» **WHAT YOU NEED TO DO**
Write out, word for word, every line in the data below from the one containing "1.通過2,3-二氫苯并呋喃" to the one containing "Flowers with Landscape", both of them included.

» **SUPPLIED MATERIAL**
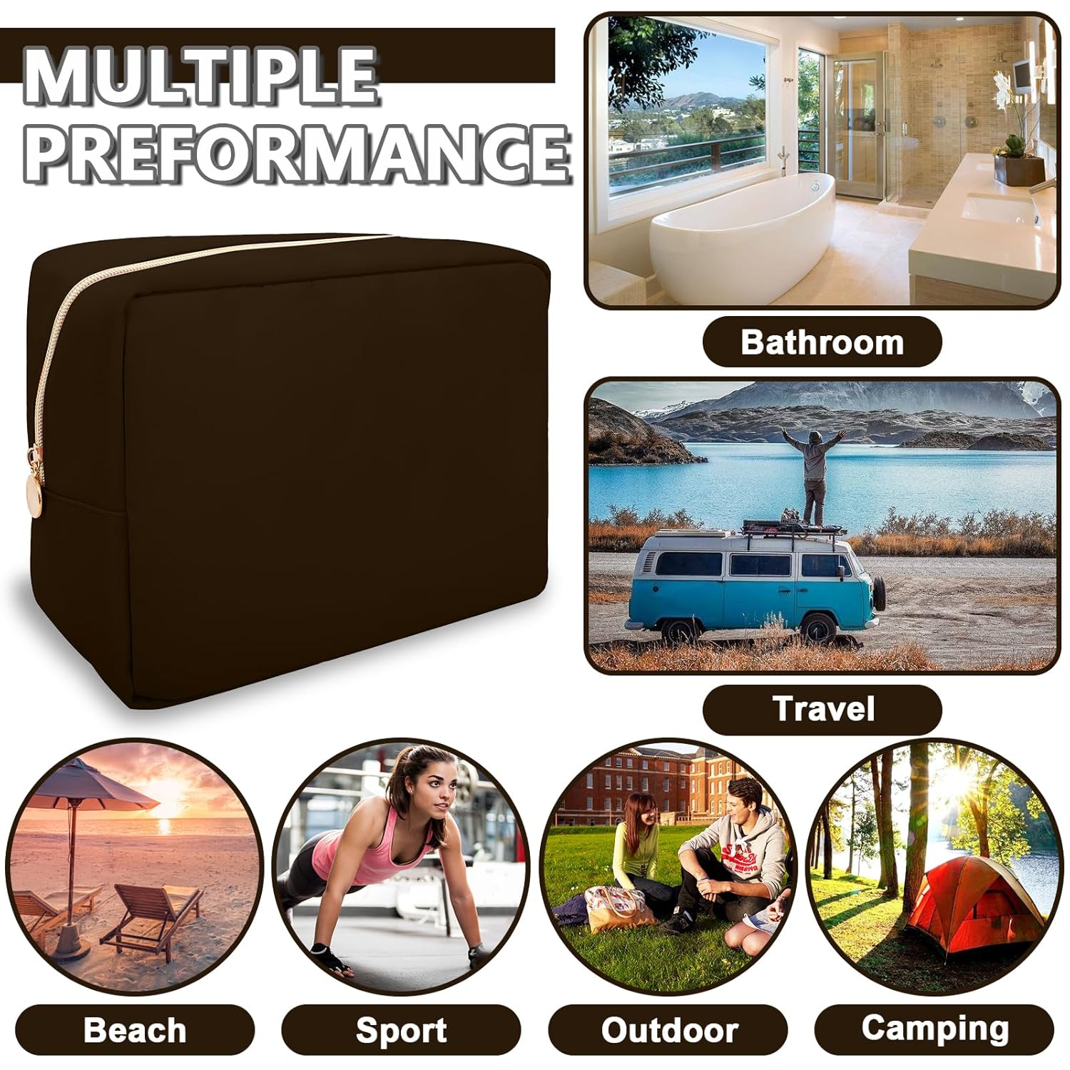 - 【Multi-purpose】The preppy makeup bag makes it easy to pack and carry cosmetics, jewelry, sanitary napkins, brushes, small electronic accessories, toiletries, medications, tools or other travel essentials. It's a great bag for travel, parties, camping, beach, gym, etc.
...
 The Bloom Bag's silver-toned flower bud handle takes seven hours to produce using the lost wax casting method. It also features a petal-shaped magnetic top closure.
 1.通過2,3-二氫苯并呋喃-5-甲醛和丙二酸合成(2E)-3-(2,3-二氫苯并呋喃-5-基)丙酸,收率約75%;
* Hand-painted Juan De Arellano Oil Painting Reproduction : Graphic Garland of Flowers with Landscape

» **FINISHED TASK**
 1.通過2,3-二氫苯并呋喃-5-甲醛和丙二酸合成(2E)-3-(2,3-二氫苯并呋喃-5-基)丙酸,收率約75%;
* Hand-painted Juan De Arellano Oil Painting Reproduction : Graphic Garland of Flowers with Landscape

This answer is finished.